• _INSTRUCTIONS TO FOLLOW_:
Leaving out every picture, please repeat exactly the line that contains "深灰蓝背景墙,增加视觉的距离纵深,蓝色调更助于睡眠。" and each line after it through the final line below.

RECORDS PROVIDED Block Start

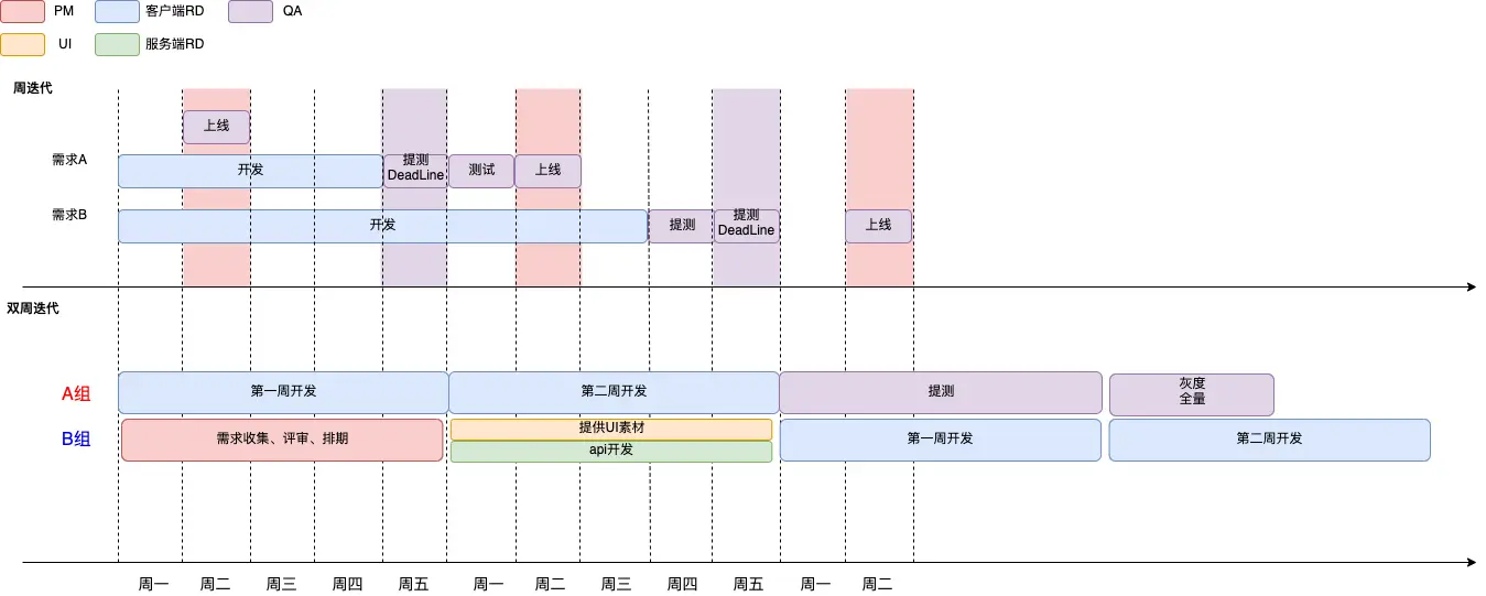 客户端以周维度进行开发,每周确定下周可提测的内容,根据提测内容是否为动态化的业务、下周是否在版本迭代周期内,决定跟版发布或周发布。
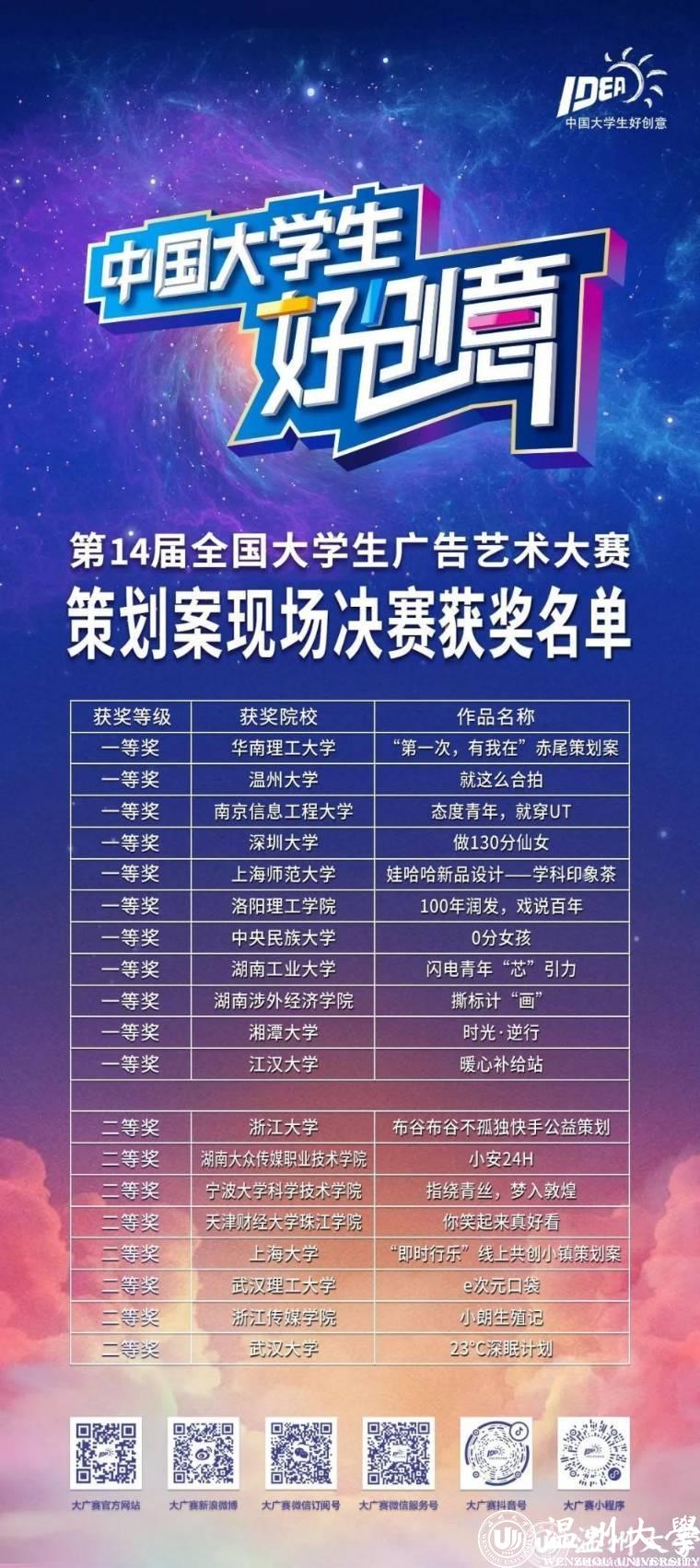 大广赛策划案类别比赛是全国大广赛中门类最复杂、要求最高的比赛类型,我院学子在该类型赛事上一向表现卓越,每一年都有策划案类别的全国等级奖项,今年除了决赛而出的《就这么合拍》一等奖,还有《中国可乐有“股气”》《现充青年》两项二等奖和《“银发冲浪”计划》等五项全国优秀奖。愿诸位学子以他们为榜样,秉持“十年磨一剑”的精神,博观而约取,厚积而薄发,收获绚烂青春,成为自己的无冕之王!
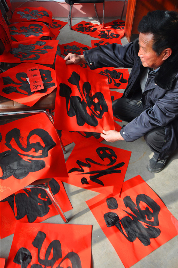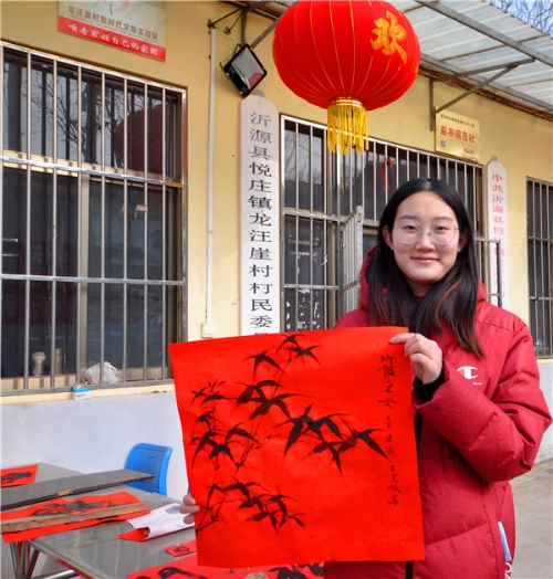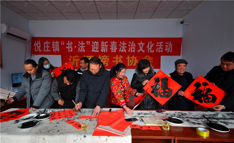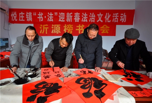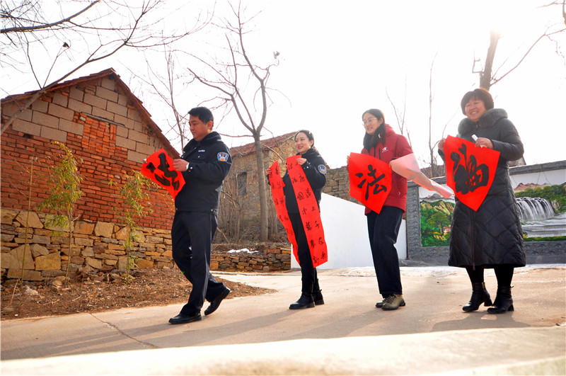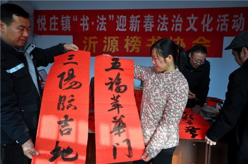 “老师,您给我写一副带福字的春联吧,借着您送春联的机会,沾沾福气,希望2022年的日子更加红红火火!” 专门来村委大院看书法凑热闹的张大哥幸福地说。 1月20日,沂源县榜书协会的书法家们一大早来到沂蒙山深处的沂源县悦庄镇龙汪崖村,开展“迎新春文化下乡送春联”活动。一上午,书法家们为乡亲们书写了300余副的春联和福字,让乡亲们提前感受到春节的喜庆氛围和浓浓的年味。 为减轻村经济负担,县下派龙汪崖村第一书记刘阳的单位——沂源供电公司大力相助,提前准备好了墨和纸张。 “春临大地百花艳 节至人间万象新”、“一年四季行好运 八方财宝进家门”,一副副洋溢着新春祝福的春联,在各位书法家饱蘸热情的笔端下精彩呈现,也充分表达了广大人民群众感恩祖国、热爱家乡、喜迎佳节的美好愿望。(陈作进) | |||
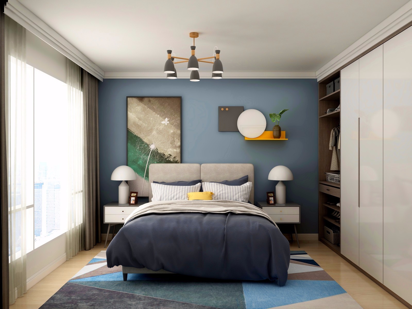 深灰蓝背景墙,增加视觉的距离纵深,蓝色调更助于睡眠。
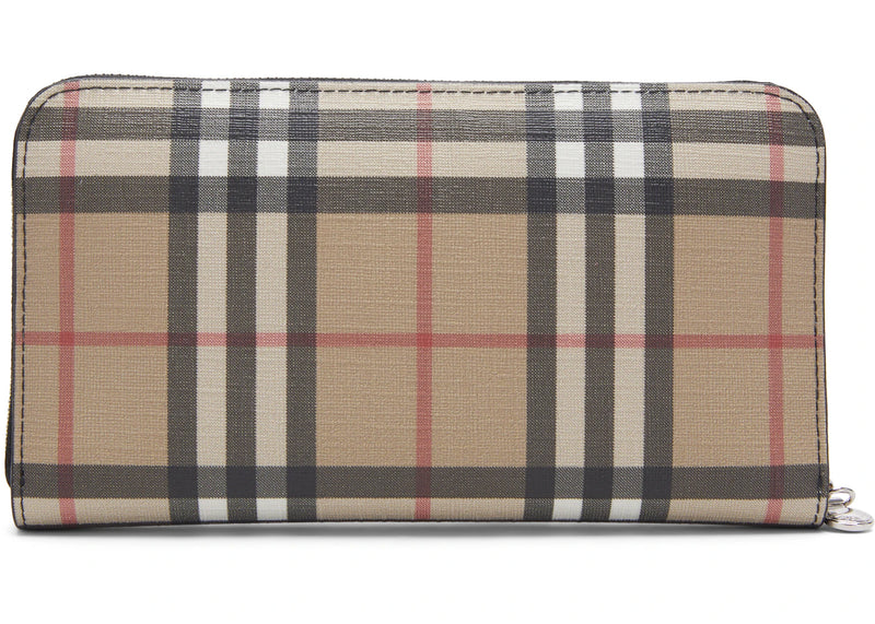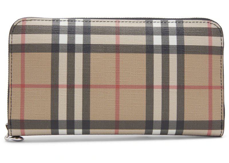 Burberry Vintage Check and Leather Ziparound Wallet 12 Slot Black
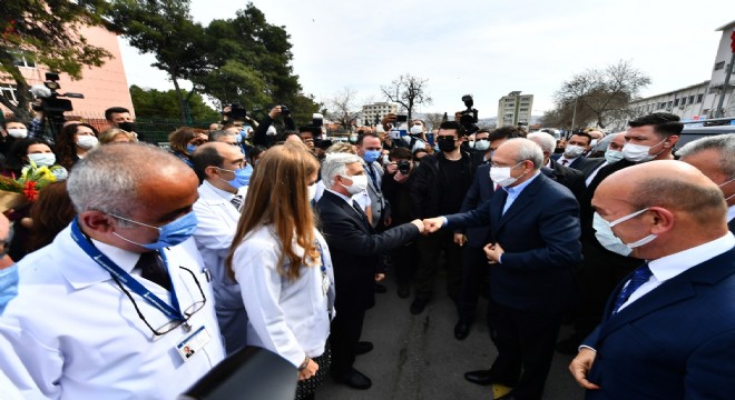 Cumhuriyet Halk Partisi (CHP) Genel Başkanı Kemal Kılıçdaroğlu, İzmir Büyükşehir Belediyesi Eşrefpaşa Hastanesi’ni ziyaret ederek, hastane duvarına yapılan “Korona Kahramanları” temalı mural çalışmasını inceledi.
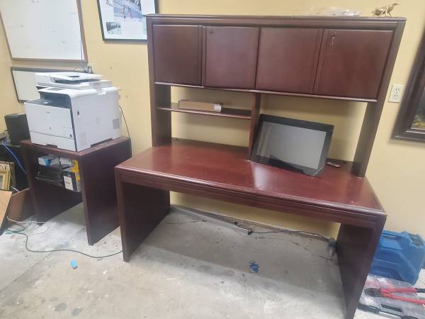 Clean Cherry Wood office Desk with locking hutch (1 lower keyboard drawer) in excellent condition.. $100 OBO

RECORDS PROVIDED Block End

• _YOUR RESPONSE_:
 深灰蓝背景墙,增加视觉的距离纵深,蓝色调更助于睡眠。
 Burberry Vintage Check and Leather Ziparound Wallet 12 Slot Black
 Cumhuriyet Halk Partisi (CHP) Genel Başkanı Kemal Kılıçdaroğlu, İzmir Büyükşehir Belediyesi Eşrefpaşa Hastanesi’ni ziyaret ederek, hastane duvarına yapılan “Korona Kahramanları” temalı mural çalışmasını inceledi.
 Clean Cherry Wood office Desk with locking hutch (1 lower keyboard drawer) in excellent condition.. $100 OBO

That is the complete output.